• To do
From the entries below, tally how many lines contain "para" and report only that figure.

• Dataset
━━━━━━━━━━

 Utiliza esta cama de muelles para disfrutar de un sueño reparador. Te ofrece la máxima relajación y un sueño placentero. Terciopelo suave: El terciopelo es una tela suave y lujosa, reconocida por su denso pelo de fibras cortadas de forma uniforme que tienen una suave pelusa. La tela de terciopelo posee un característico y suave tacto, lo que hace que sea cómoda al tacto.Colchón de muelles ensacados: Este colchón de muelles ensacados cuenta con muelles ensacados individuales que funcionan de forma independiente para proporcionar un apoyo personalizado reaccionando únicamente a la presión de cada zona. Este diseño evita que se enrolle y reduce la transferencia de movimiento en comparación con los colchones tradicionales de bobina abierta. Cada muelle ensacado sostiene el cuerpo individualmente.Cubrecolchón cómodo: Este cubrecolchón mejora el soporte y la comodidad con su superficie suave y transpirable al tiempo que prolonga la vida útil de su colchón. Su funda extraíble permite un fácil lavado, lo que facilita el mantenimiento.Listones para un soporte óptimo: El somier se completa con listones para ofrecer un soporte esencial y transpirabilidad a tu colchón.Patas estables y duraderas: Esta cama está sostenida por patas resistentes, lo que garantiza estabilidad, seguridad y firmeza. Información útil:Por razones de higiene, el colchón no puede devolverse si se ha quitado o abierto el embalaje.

━━━━━━━━━━

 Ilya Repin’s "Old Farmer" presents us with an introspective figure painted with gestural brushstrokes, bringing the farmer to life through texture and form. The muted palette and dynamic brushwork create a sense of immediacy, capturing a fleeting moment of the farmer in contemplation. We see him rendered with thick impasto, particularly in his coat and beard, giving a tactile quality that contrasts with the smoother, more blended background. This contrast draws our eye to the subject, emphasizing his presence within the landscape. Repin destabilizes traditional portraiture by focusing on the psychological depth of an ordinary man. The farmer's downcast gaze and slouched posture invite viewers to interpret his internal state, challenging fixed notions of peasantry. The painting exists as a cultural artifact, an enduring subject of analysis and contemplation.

━━━━━━━━━━

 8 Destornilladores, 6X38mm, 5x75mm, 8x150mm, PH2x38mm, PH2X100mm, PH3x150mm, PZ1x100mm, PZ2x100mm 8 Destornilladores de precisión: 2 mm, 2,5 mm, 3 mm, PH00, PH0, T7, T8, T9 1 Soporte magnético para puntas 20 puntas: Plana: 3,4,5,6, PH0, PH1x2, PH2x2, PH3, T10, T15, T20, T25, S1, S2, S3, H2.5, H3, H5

━━━━━━━━━━

• Task output
2